The ceremony was conducted with little pomp. For the gods, suicide was a simple act, far easier than an act of creation; it required only a solid decision to be made. A wide smile lit the cat god's face, his whiskers twitched with anticipation, and then he was gone.
The only one saddened by the feline god's departure was Ekinai, beautiful and stern keeper of oaths. She had loved Kasin when they were both young immortals. She had vowed to love him forever, to never harm him, to always support him. She even carved the vow into her book, in her own elegant hand. Yet, her feelings were unrequited. Kasin's rebuff was gentle and coolly logical.
"I feel as if such a relationship would somehow break the vow of non-interference, which you have kept sacred for time immemorial,” he said, his cat eyes large and sympathetic, “and that our fellow gods would see me as gaining an unfair advantage. They would suspect I was just looking to the keeper of vows to provide me with special favors in my many conflicts. You must understand my predicament."

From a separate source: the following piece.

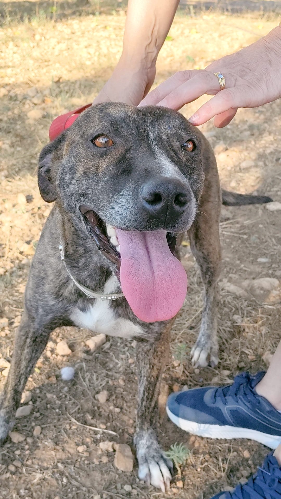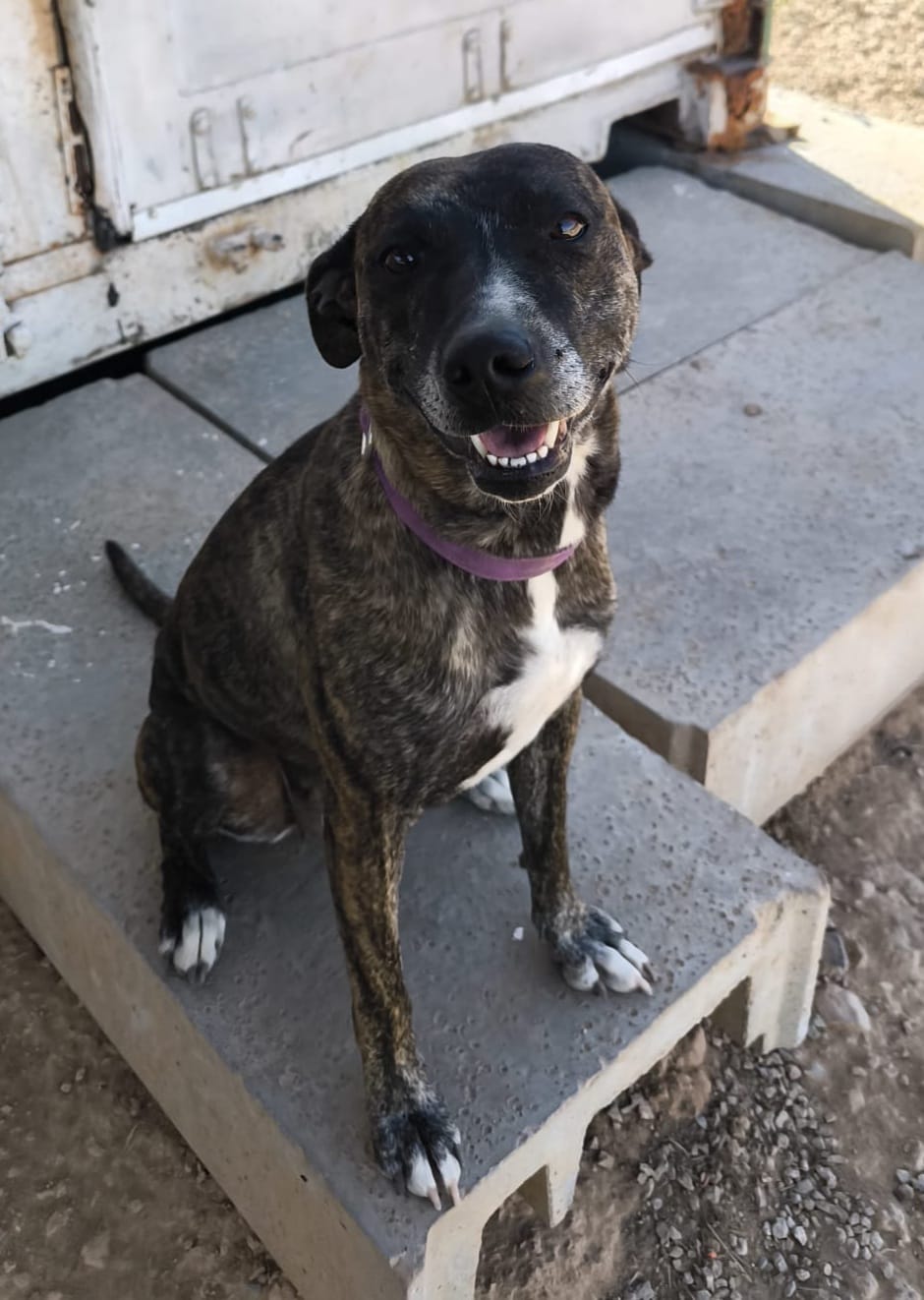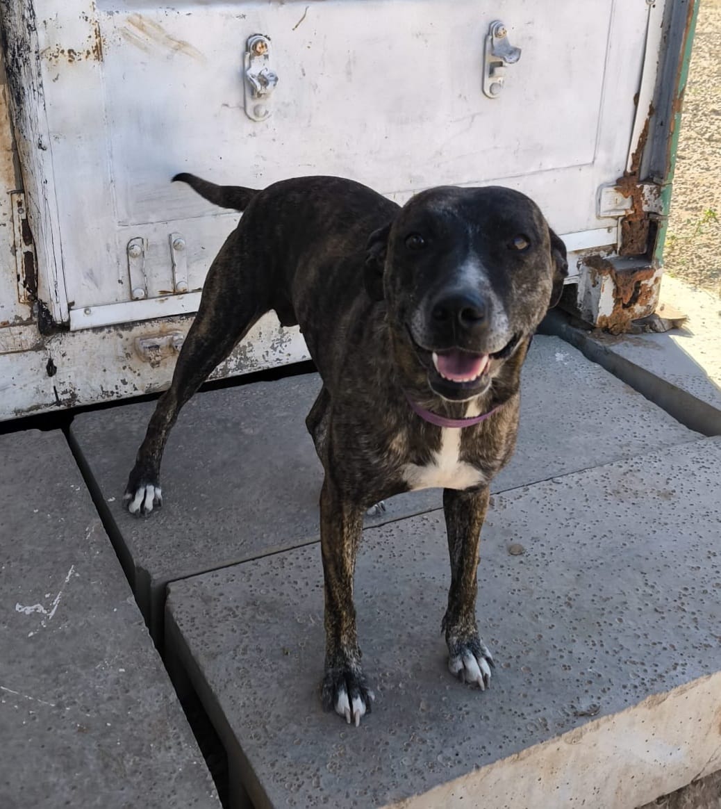 Es una perrita de tamaño mediano, jovencita de 4 años, muy simpática y de muy buen carácter, juguetona y cariñosa. Iba perdida por la carretera en compañía de otro perro y fueron rescatados ante el peligro de atropello, sin ninguna identificación ni nadie los reclamó. Su piel jaspeada confunde, no es ppp, solo mestiza.

Ekinai understood well enough that he was making an excuse, but also that there was some truth in his justification. She knew that she would live the rest of eternity alone because of her duties.
However, Ekinai also felt that the cat god had unfairly skirted the pact of non-interference with his plan to place his own essence into his mortal counterparts. Such infractions usually stood bold-faced and silver gilt in her book. But this one was gray and nearly unreadable. Besides, even if Kasin had not disintegrated into the ether, her own foolishly amorous vow prevented her from punishing him.
"Even if you do not, my love,” Ekinai said, after the cat god's disappearance, “your precious cats yet exist. The time will come when they will pay the price for the loneliness you imposed upon me."